:: Dataset content ::

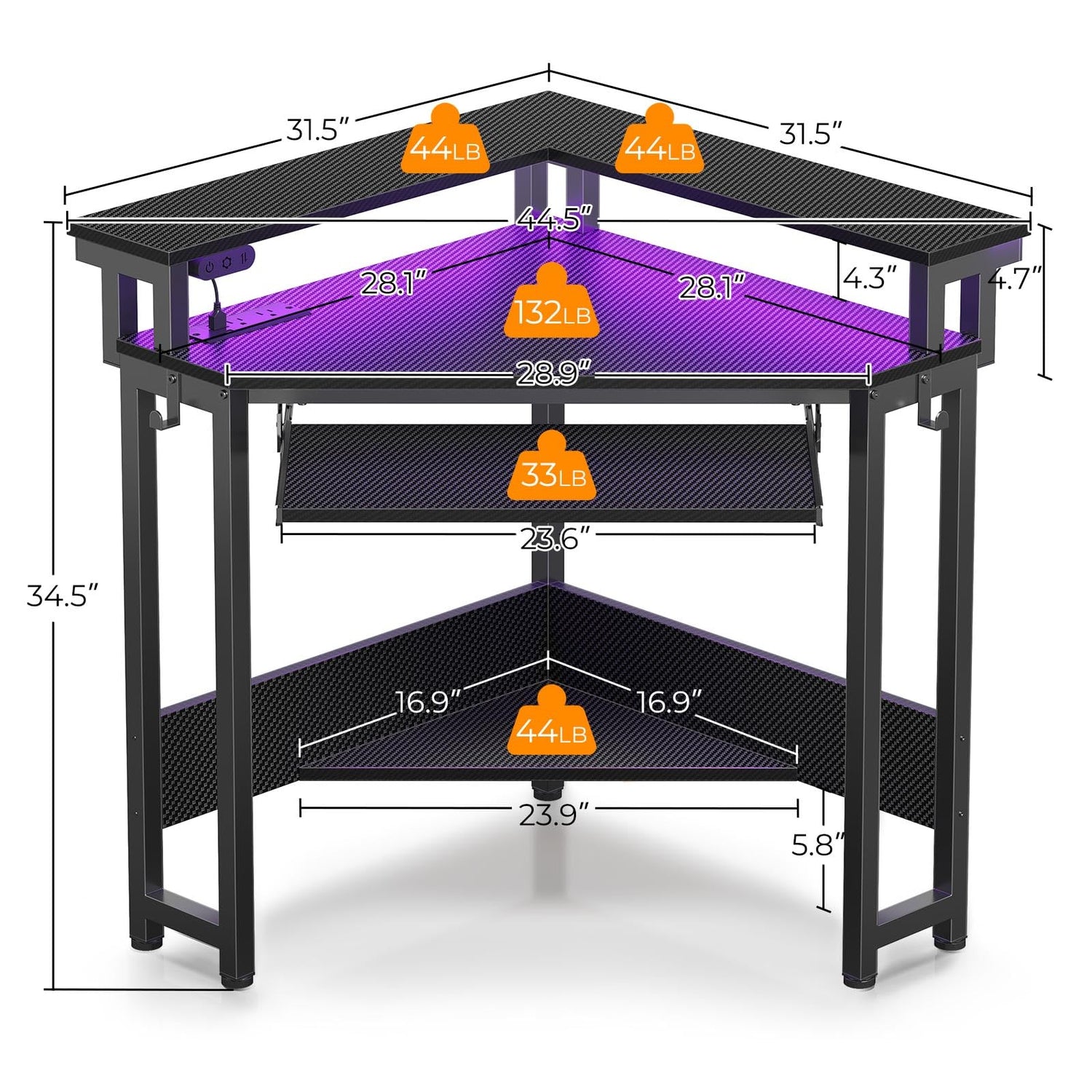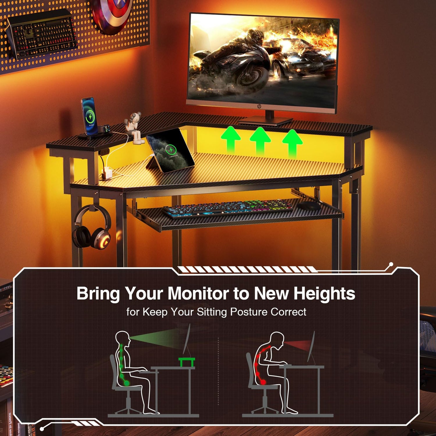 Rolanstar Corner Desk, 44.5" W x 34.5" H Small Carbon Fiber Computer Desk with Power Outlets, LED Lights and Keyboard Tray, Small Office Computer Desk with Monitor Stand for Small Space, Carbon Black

:::
:: Dataset content ::

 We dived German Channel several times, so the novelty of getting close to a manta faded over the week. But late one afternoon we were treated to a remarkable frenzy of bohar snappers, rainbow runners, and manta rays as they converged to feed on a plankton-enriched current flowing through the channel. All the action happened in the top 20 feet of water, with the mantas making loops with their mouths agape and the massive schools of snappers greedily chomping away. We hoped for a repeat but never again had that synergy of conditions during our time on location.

:::
:: Dataset content ::

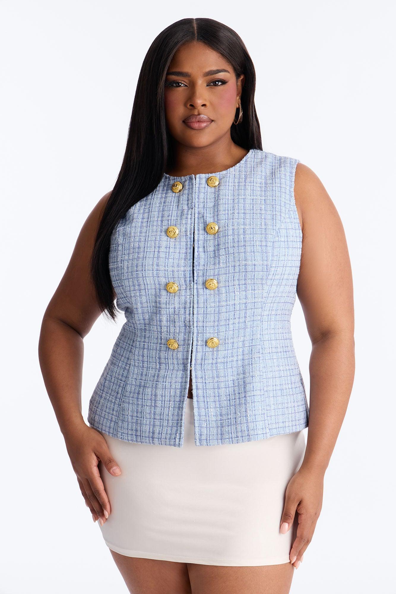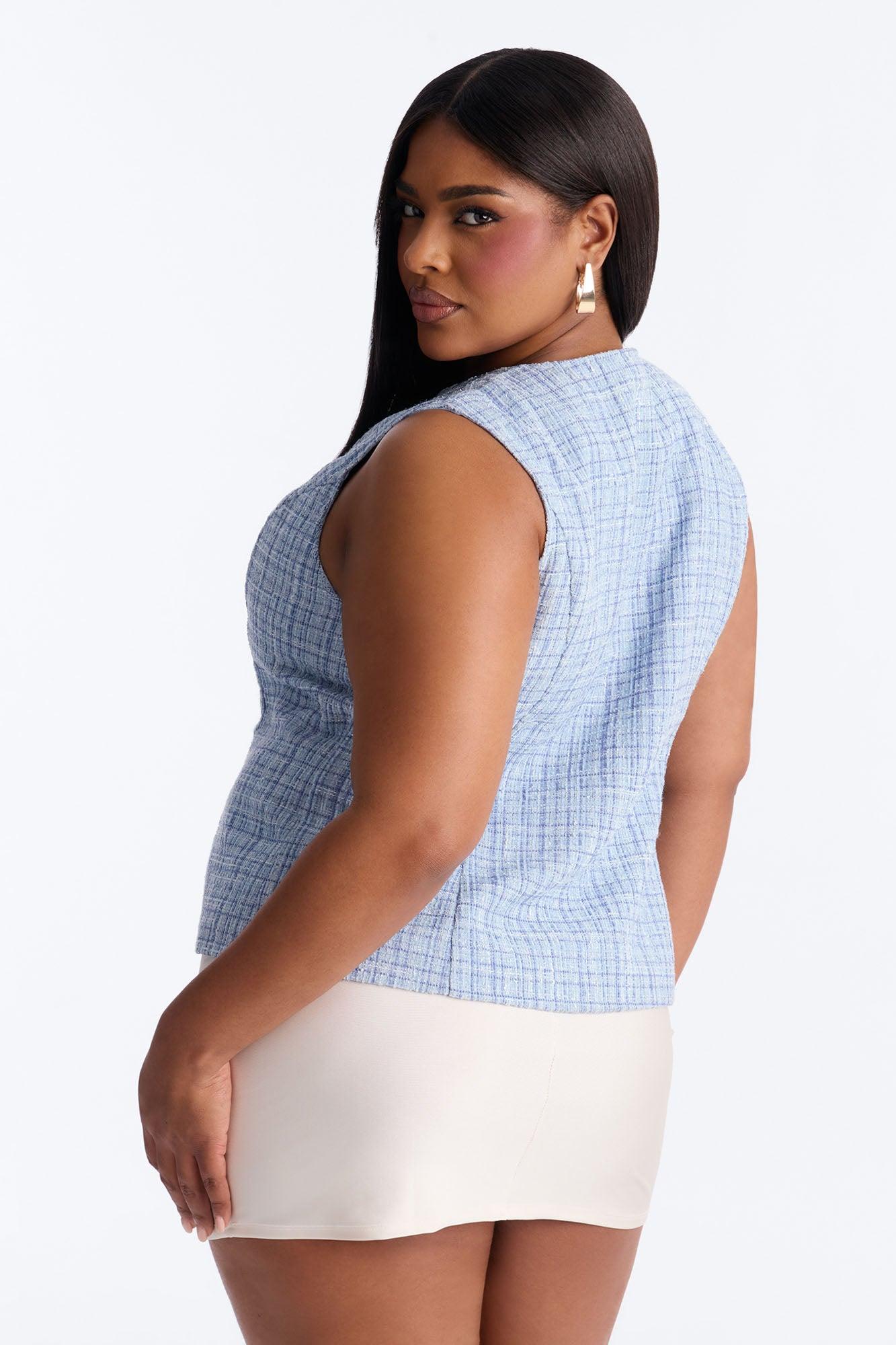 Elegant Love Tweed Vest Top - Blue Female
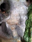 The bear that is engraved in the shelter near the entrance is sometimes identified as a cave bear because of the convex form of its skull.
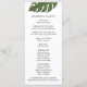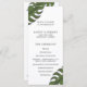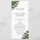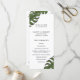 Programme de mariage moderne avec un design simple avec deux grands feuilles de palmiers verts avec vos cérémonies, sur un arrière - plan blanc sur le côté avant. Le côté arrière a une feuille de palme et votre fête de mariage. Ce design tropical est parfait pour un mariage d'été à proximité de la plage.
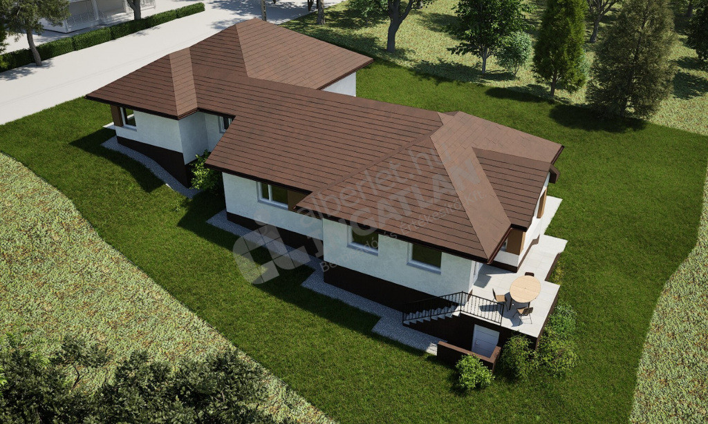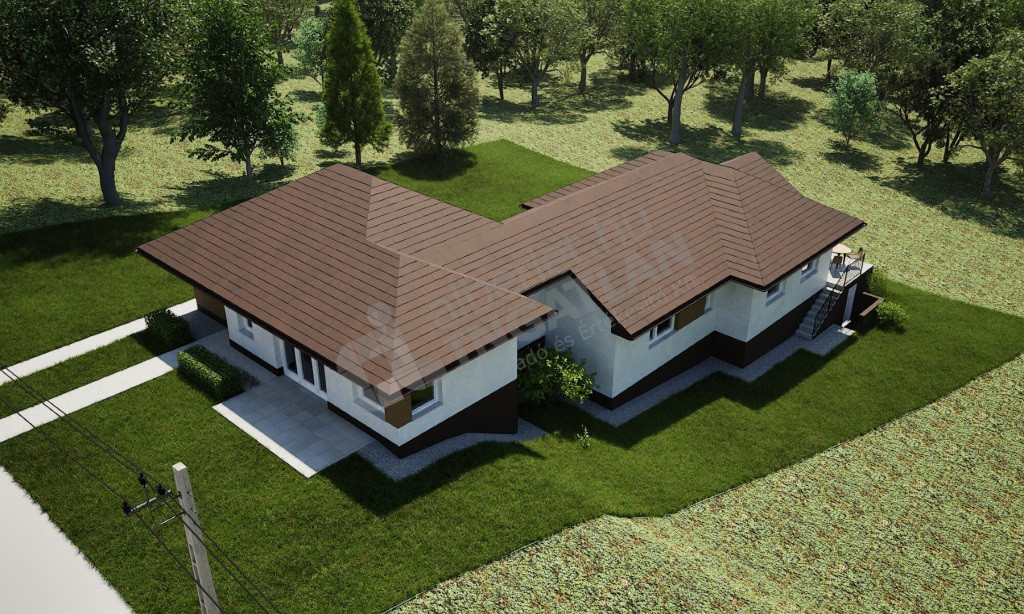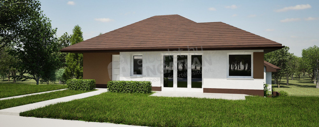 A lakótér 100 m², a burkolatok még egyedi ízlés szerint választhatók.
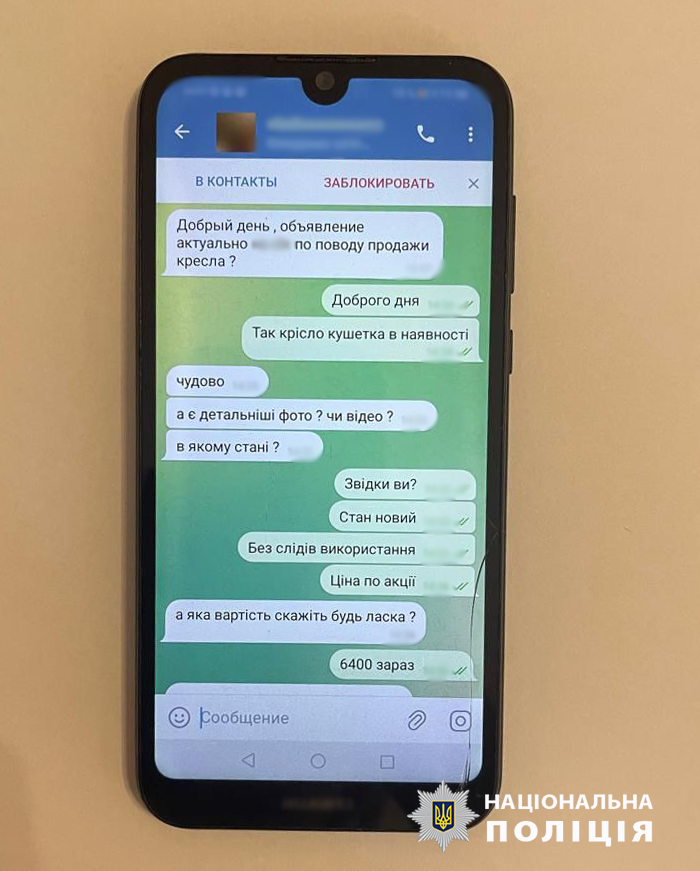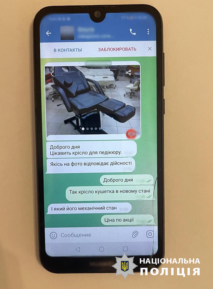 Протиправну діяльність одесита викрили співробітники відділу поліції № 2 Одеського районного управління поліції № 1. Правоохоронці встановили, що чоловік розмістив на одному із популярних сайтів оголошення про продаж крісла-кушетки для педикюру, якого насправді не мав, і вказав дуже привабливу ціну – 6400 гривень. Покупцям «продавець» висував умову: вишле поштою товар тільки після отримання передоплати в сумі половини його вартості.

:::

### Task instructions
In the listing above, find the line with "Elegant Love Tweed Vest Top - Blue Female" and output every line through the one with "Programme de mariage", exactly, without the pictures.

### Solution to this exercise
 Elegant Love Tweed Vest Top - Blue Female
 The bear that is engraved in the shelter near the entrance is sometimes identified as a cave bear because of the convex form of its skull.
 Programme de mariage moderne avec un design simple avec deux grands feuilles de palmiers verts avec vos cérémonies, sur un arrière - plan blanc sur le côté avant. Le côté arrière a une feuille de palme et votre fête de mariage. Ce design tropical est parfait pour un mariage d'été à proximité de la plage.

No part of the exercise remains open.